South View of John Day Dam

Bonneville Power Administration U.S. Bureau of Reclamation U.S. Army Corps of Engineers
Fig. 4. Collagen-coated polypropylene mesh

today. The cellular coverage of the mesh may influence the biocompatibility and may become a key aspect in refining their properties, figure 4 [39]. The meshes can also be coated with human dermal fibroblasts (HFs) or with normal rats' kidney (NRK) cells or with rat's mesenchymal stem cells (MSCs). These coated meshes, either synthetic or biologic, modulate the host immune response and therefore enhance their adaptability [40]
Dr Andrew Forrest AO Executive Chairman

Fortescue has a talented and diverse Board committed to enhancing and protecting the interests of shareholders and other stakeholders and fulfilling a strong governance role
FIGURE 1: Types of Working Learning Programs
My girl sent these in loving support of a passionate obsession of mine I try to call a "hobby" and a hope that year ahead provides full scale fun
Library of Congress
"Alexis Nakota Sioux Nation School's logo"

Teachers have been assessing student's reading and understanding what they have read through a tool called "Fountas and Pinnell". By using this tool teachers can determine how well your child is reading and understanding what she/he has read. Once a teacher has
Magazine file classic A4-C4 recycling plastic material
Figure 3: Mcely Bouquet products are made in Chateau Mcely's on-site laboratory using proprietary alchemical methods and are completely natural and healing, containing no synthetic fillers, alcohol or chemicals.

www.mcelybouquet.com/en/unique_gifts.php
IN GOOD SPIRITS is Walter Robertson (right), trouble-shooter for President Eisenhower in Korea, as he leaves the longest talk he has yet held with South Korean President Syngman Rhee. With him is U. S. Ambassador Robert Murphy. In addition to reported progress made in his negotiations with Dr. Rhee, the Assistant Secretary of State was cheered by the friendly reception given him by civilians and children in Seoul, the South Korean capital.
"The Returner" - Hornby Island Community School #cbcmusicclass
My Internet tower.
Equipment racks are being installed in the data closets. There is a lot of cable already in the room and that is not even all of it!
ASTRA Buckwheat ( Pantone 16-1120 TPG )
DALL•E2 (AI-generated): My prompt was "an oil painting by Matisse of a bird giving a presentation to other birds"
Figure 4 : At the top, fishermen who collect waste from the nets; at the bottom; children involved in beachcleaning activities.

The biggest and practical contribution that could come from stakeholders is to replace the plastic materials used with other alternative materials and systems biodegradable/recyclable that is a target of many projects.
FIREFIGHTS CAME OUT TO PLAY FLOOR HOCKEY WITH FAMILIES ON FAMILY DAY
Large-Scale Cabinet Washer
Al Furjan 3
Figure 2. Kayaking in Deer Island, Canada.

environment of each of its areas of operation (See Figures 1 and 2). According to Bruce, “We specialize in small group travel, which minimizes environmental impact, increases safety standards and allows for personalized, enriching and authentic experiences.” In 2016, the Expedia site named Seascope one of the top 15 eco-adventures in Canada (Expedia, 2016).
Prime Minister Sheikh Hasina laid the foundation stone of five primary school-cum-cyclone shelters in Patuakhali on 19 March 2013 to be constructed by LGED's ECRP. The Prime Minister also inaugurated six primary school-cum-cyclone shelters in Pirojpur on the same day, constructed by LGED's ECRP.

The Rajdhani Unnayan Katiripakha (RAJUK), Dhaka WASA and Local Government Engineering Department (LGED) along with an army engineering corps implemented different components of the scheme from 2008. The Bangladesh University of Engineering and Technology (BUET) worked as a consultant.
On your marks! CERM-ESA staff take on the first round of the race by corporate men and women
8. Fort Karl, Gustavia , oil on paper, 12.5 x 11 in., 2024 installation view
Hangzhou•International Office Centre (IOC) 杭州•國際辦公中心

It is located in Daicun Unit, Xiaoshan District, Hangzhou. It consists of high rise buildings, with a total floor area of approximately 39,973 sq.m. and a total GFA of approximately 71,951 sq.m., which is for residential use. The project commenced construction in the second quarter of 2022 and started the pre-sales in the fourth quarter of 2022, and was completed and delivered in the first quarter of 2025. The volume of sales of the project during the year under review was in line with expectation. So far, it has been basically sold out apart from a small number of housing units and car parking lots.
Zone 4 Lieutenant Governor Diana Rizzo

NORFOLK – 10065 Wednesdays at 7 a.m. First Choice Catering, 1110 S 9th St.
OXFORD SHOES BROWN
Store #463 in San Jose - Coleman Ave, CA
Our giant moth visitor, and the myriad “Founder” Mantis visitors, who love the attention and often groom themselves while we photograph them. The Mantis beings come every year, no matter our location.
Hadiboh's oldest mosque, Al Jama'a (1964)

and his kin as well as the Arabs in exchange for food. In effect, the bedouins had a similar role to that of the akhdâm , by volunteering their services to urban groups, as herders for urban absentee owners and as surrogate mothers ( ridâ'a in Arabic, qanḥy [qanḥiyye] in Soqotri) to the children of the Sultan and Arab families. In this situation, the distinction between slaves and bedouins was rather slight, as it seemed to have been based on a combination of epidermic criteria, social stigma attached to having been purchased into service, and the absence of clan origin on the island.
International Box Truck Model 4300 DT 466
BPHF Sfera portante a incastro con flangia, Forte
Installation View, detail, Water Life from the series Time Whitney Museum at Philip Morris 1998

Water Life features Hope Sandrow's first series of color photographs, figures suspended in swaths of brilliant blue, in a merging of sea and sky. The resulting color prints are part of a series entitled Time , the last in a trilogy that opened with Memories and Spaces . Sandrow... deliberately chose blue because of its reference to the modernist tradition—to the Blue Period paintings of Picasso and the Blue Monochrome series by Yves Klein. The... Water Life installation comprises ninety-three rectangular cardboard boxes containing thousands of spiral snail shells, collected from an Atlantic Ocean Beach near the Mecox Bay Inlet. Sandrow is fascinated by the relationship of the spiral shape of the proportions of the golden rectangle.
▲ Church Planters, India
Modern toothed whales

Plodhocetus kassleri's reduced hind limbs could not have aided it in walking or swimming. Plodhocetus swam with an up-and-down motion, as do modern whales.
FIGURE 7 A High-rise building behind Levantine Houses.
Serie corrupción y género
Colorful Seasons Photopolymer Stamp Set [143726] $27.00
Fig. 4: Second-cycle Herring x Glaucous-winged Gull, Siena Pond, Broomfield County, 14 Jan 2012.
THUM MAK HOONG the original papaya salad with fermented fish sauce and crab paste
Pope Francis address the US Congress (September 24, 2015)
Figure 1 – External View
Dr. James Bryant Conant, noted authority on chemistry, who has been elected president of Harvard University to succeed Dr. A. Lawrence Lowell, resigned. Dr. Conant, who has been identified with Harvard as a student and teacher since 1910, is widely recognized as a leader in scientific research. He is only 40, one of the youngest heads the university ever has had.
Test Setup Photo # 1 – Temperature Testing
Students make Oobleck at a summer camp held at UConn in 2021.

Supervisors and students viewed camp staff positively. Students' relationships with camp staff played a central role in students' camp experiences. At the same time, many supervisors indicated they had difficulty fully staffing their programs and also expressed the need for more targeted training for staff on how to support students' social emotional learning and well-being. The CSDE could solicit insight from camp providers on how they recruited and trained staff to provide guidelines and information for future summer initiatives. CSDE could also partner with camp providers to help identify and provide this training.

Work to complete - Of all the entries above, retype exactly the lines from the line with "Prime Minister Sheikh" to the line with "Zone 4 Lieutenant Governor Diana Rizzo", both included, and no others.

Solution for this task -
Prime Minister Sheikh Hasina laid the foundation stone of five primary school-cum-cyclone shelters in Patuakhali on 19 March 2013 to be constructed by LGED's ECRP. The Prime Minister also inaugurated six primary school-cum-cyclone shelters in Pirojpur on the same day, constructed by LGED's ECRP.

The Rajdhani Unnayan Katiripakha (RAJUK), Dhaka WASA and Local Government Engineering Department (LGED) along with an army engineering corps implemented different components of the scheme from 2008. The Bangladesh University of Engineering and Technology (BUET) worked as a consultant.
On your marks! CERM-ESA staff take on the first round of the race by corporate men and women
8. Fort Karl, Gustavia , oil on paper, 12.5 x 11 in., 2024 installation view
Hangzhou•International Office Centre (IOC) 杭州•國際辦公中心

It is located in Daicun Unit, Xiaoshan District, Hangzhou. It consists of high rise buildings, with a total floor area of approximately 39,973 sq.m. and a total GFA of approximately 71,951 sq.m., which is for residential use. The project commenced construction in the second quarter of 2022 and started the pre-sales in the fourth quarter of 2022, and was completed and delivered in the first quarter of 2025. The volume of sales of the project during the year under review was in line with expectation. So far, it has been basically sold out apart from a small number of housing units and car parking lots.
Zone 4 Lieutenant Governor Diana Rizzo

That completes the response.